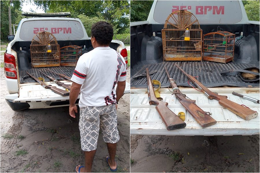 Com a autorização do suspeito, os policiais realizaram buscas no estabelecimento, onde encontraram três espingardas, uma delas de fabricação caseira, além de um punhal e dois pássaros silvestres mantidos em cativeiro sem a devida permissão.
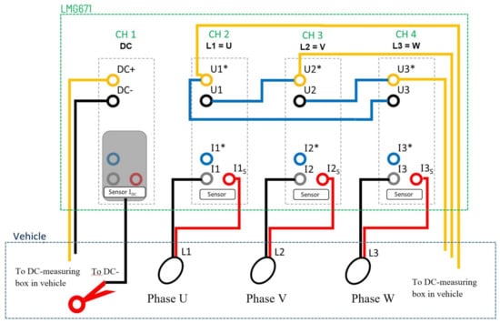 The measured currents and voltages are used to calculate the electric power between the power electronics and the electric engine and the power between the power electronics and the high-voltage battery. In analogy to the setup of CH1 illustrated in Figure 3, the current and voltage of the 12 V low-voltage system is measured on channel 5 (CH5) of the LMG671 to calculate the power consumption of the 12 V on-board power supply . This is important as the DC/DC (high voltage > 60 V to low voltage ≤ 12 V) converter may charge the 12 V battery during the testing. This energy has to be taken into account for the computation of the energy balance.
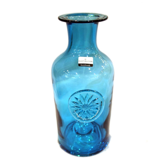 This flower vase comes in a glass bottle shape in transparent blue. The body is crafted with a delicate flower enclosed in a circle for extra glamor. This flower vase is an ideal decoration spice up your living room with your personal taste.
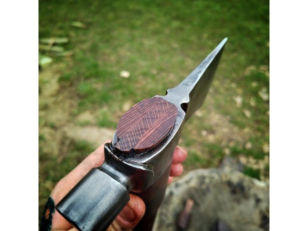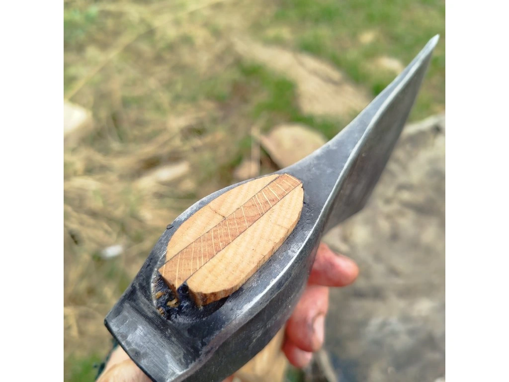 Ručně kovaný tomahawk představuje poctivý nástroj pro práci i pobyt v přírodě. Hlava sekery je ukována z pružinové oceli 14260, která je známá svou vysokou houževnatostí a odolností proti prasknutí. Ostří o délce 75 mm je precizně zakaleno na tvrdost 57 Hrc, což zajišťuje skvělou řezivost a dlouhou životnost ostří i při náročném používání.
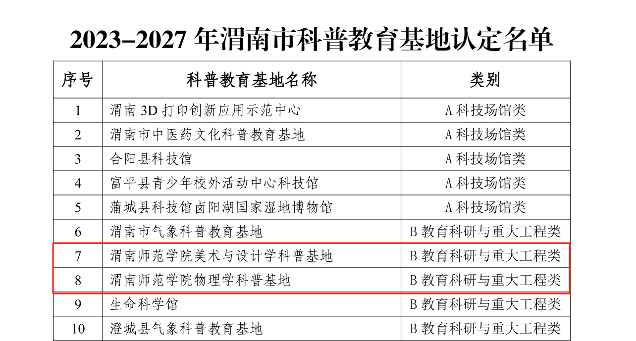 近日,渭南市科学技术协会、渭南市科学技术局发布《关于认定“2023-2027年渭南市科普教育基地”的通知》(渭科协发[2023]37号),我校美术学院、物理与电气工程学院申报的美术与设计学科普基地、物理学科普基地获批教育科研与重大工程类“渭南市科普教育基地”。
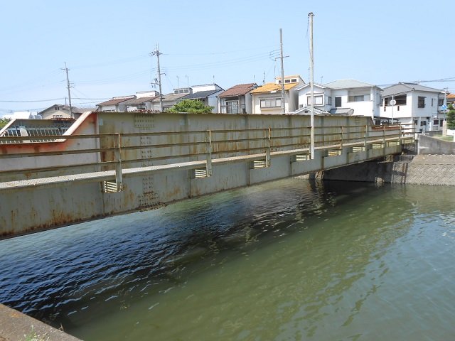 その先の水路(呼称不明)にかかる橋は、鉄道のガーター橋をそのまま
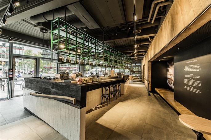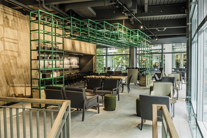 星巴克索尼中心店麵位於Potsdammer廣場北部的一塊三角地上,星巴克店麵設計是基於周邊的現代建築。店麵最引人注目的是綠色的不鏽鋼框儲藏架,上麵放置著裝滿咖啡豆的玻璃瓶子,具有很好的展示作用。天花沒有做特殊的處理,隻是被刷成了灰色,裸露的鋼梁結構和通風設施有很強的工業建築的味道,與香醇、柔潤順口的咖啡形成鮮明的對比。
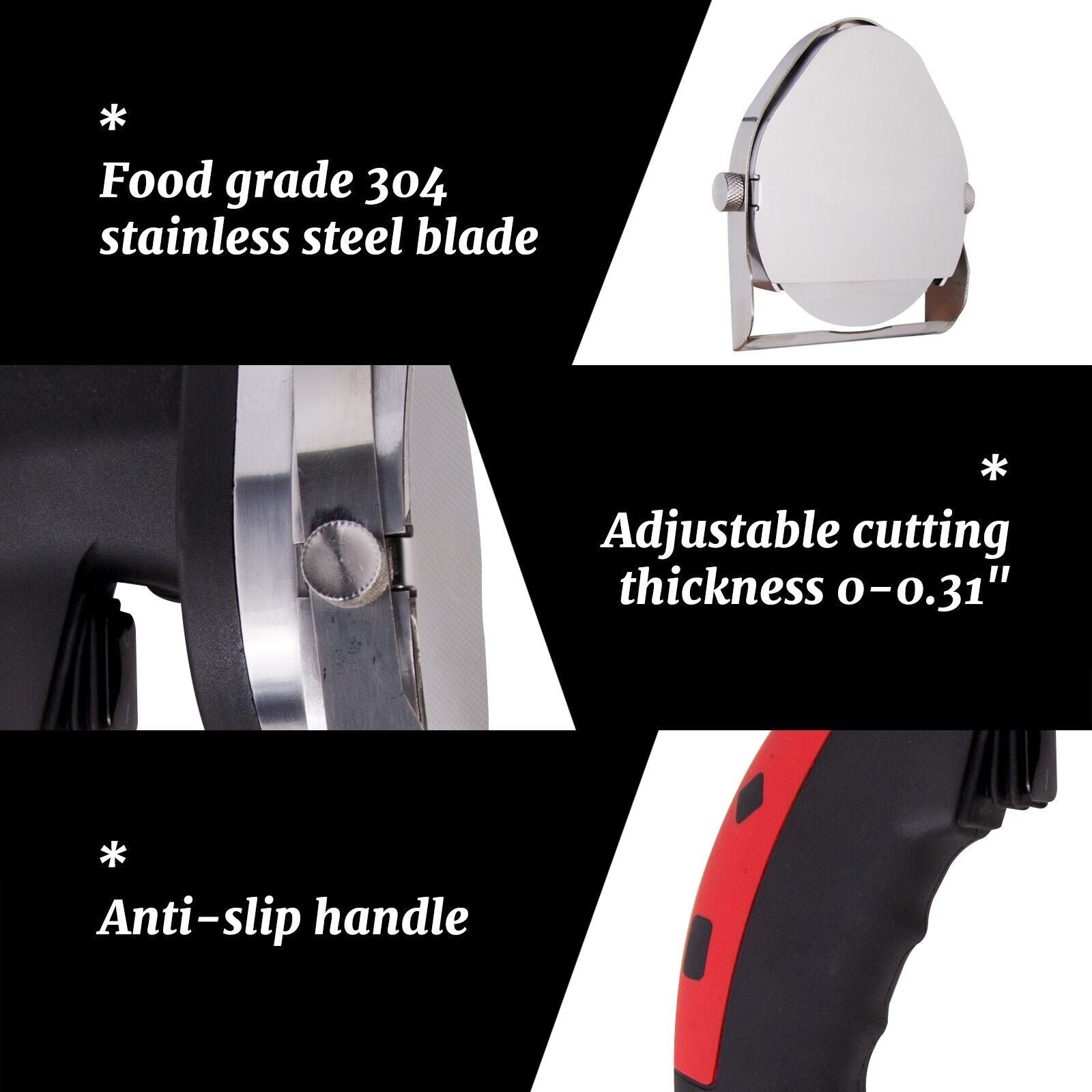 Schneide Fleisch wie ein Profi! Dieser elektrische Dönerschneider aus 304 Edelstahl macht das Schneiden von Döner, Gemüse und Aufschnitt zum Kinderspiel. Mit 80W Motorleistung und 2800-3000 U/min meistert er auch größere Mengen. Die zwei beiliegenden Klingen (Scheibe und Zahnrad) bieten maximale Flexibilität. Die Schnittstärke ist von 0-8mm einstellbar - perfekt für dünne Scheiben oder kräftige Stücke. Einfach zu reinigen und absolut hygienisch. Ideal für Dönerbuden, Restaurants oder ambitionierte Hobbyköche. Inklusive Schleifstein für scharfe Klingen!
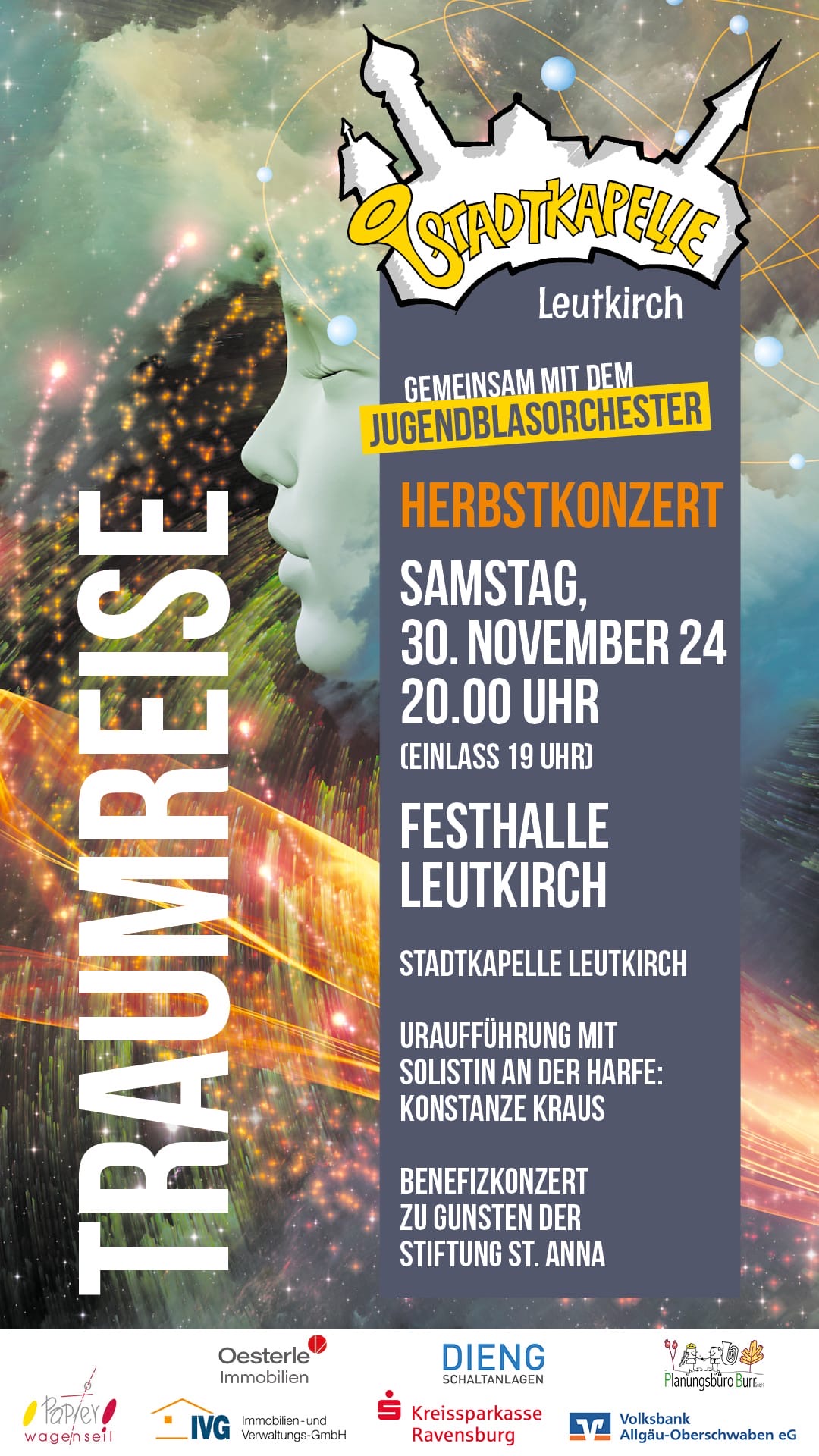 Unter dem Motto "Traumreise" steht dieses Jahr ein besonderer Konzertabend, traditionell gestaltet von der Stadtkapelle mit dem Jugendblasorchester. Bei Wikipedia findet man unter dem Begriff "Traum" folgende Erklärung:
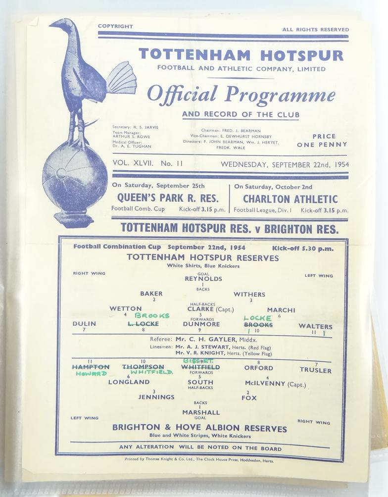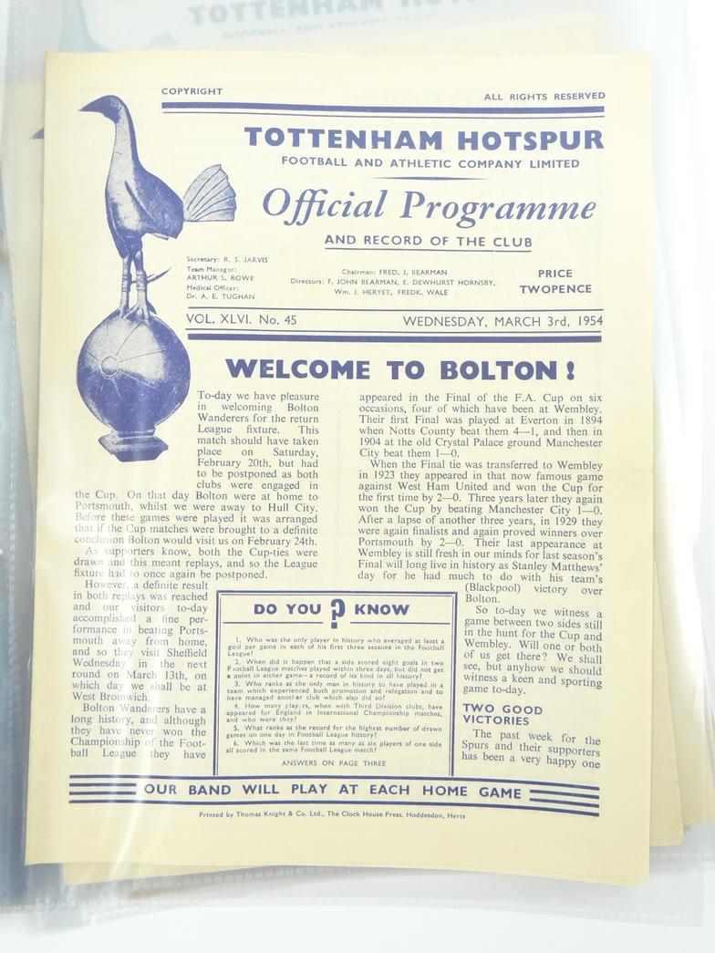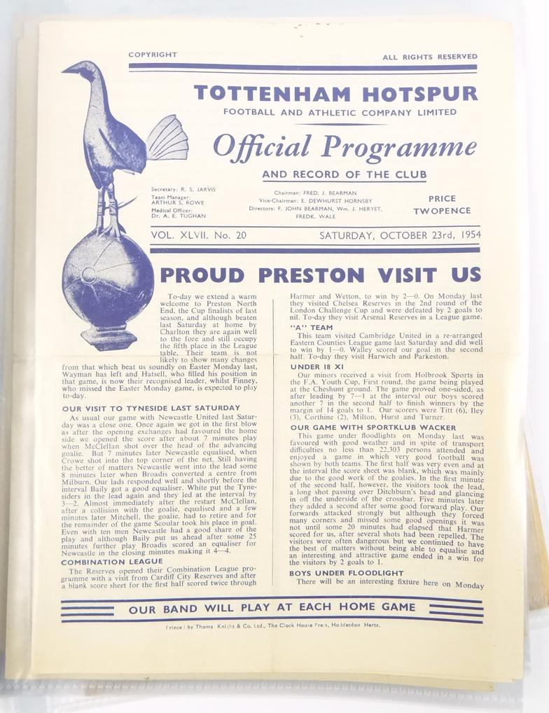 Collection of Tottenham Hotspur Football programmes circa 1950s and later

::::

> Instructions to follow: Write every line of the data out again exactly, leaving out all images.

> Reply to the task:
 Com a autorização do suspeito, os policiais realizaram buscas no estabelecimento, onde encontraram três espingardas, uma delas de fabricação caseira, além de um punhal e dois pássaros silvestres mantidos em cativeiro sem a devida permissão.
 The measured currents and voltages are used to calculate the electric power between the power electronics and the electric engine and the power between the power electronics and the high-voltage battery. In analogy to the setup of CH1 illustrated in Figure 3, the current and voltage of the 12 V low-voltage system is measured on channel 5 (CH5) of the LMG671 to calculate the power consumption of the 12 V on-board power supply . This is important as the DC/DC (high voltage > 60 V to low voltage ≤ 12 V) converter may charge the 12 V battery during the testing. This energy has to be taken into account for the computation of the energy balance.
 This flower vase comes in a glass bottle shape in transparent blue. The body is crafted with a delicate flower enclosed in a circle for extra glamor. This flower vase is an ideal decoration spice up your living room with your personal taste.
 Ručně kovaný tomahawk představuje poctivý nástroj pro práci i pobyt v přírodě. Hlava sekery je ukována z pružinové oceli 14260, která je známá svou vysokou houževnatostí a odolností proti prasknutí. Ostří o délce 75 mm je precizně zakaleno na tvrdost 57 Hrc, což zajišťuje skvělou řezivost a dlouhou životnost ostří i při náročném používání.
 近日,渭南市科学技术协会、渭南市科学技术局发布《关于认定“2023-2027年渭南市科普教育基地”的通知》(渭科协发[2023]37号),我校美术学院、物理与电气工程学院申报的美术与设计学科普基地、物理学科普基地获批教育科研与重大工程类“渭南市科普教育基地”。
 その先の水路(呼称不明)にかかる橋は、鉄道のガーター橋をそのまま
 星巴克索尼中心店麵位於Potsdammer廣場北部的一塊三角地上,星巴克店麵設計是基於周邊的現代建築。店麵最引人注目的是綠色的不鏽鋼框儲藏架,上麵放置著裝滿咖啡豆的玻璃瓶子,具有很好的展示作用。天花沒有做特殊的處理,隻是被刷成了灰色,裸露的鋼梁結構和通風設施有很強的工業建築的味道,與香醇、柔潤順口的咖啡形成鮮明的對比。
 Schneide Fleisch wie ein Profi! Dieser elektrische Dönerschneider aus 304 Edelstahl macht das Schneiden von Döner, Gemüse und Aufschnitt zum Kinderspiel. Mit 80W Motorleistung und 2800-3000 U/min meistert er auch größere Mengen. Die zwei beiliegenden Klingen (Scheibe und Zahnrad) bieten maximale Flexibilität. Die Schnittstärke ist von 0-8mm einstellbar - perfekt für dünne Scheiben oder kräftige Stücke. Einfach zu reinigen und absolut hygienisch. Ideal für Dönerbuden, Restaurants oder ambitionierte Hobbyköche. Inklusive Schleifstein für scharfe Klingen!
 Unter dem Motto "Traumreise" steht dieses Jahr ein besonderer Konzertabend, traditionell gestaltet von der Stadtkapelle mit dem Jugendblasorchester. Bei Wikipedia findet man unter dem Begriff "Traum" folgende Erklärung:
 Collection of Tottenham Hotspur Football programmes circa 1950s and later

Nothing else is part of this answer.